Jeff Henderson: We are focused on Asia, which is where everybody has to be. We have more than 50 percent of our shipments going to Asia today. We are certain to see more design activity in the region as well. We are working with top-tier mobile-phone companies in Europe and in Korea, and with the next tier of handset companies, including those in Asia. As for the industrial segment, companies not only manufacture, but also design in Asia. Each of the products we provide has a presence in Asia.
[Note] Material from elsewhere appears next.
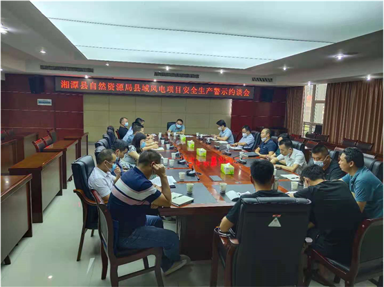 近日,湘潭县自然资源局针对当前县域风力发电项目违法用地及存在的安全隐患问题,组织约谈了昌山风电公司、湖南能创公司、大唐湘潭发电公司三家企业项目负责人,会议由分管执法工作的局党委委员、副局长冯光志同志主持,风电项目属地乡镇人民政府、自然资源所和相关局业务股室人员参加会议。

China is already a large market. There was a 35 percent growth in semiconductor consumption last year. There is no faster growth anywhere in terms of this consumption. With the fact that standards are in place for 3G, we should obviously expect more semiconductor content. In fact, we have a solution that is a combination of power-amplifier and filtering technologies for mobile phones. And if we put these together in an integrated platform, it results in a very power-efficient solution. So if you put 3G in China, with all the potential subscribers there, we would love the opportunity.

How has the transition been from the Agilent Malaysia facility to Avago? What are some of the challenges you are facing?
Bian Ee Dato Tan: Earlier, there were 5,000 employees!3,000 with Avago and 2,000 with Agilent. So what we have done is basically increase the use of in-house resources so that we can focus on activities to empower business management. In Malaysia, we have focused on product engineering and new products. We have operations in China, the Philippines and other low-cost countries. We've outsourced some of these activities.
Low Peck Kem: When we moved from HP to Agilent, we had a 10-month transition period. From Agilent to Avago, we had four months. So first, we asked employees to leave HP and join Agilent!and now, to leave Agilent and join Avago. We not only made the transition on time, but we had a more than 99 percent sign-on rate.

The Agilent brand has been quite strong. What is your strategy for the Avago brand?
Henderson: We are very optimistic that the Avago brand in the semiconductor sector will become much stronger. Many people worldwide recognize the semiconductor products of HP. The Agilent Technologies brand is very strong in test equipment. It's actually not that strong in semiconductors.
I think the separation of Agilent from HP helped us in the sense that customers will remember that the transition caused no disruption of supplies. So when we informed them of the separation of semiconductor products from Agilent, they had great confidence in us. They believed that we could be a better semiconductor supplier because we are better focused, and we'll do a better job without the encumbrance of corporate policies and all those other things that came with being part of Agilent. We are very excited for the opportunity to pursue our own destiny. We're more focused and more efficient, and we've got more savings, so we can carefully decide on how to invest.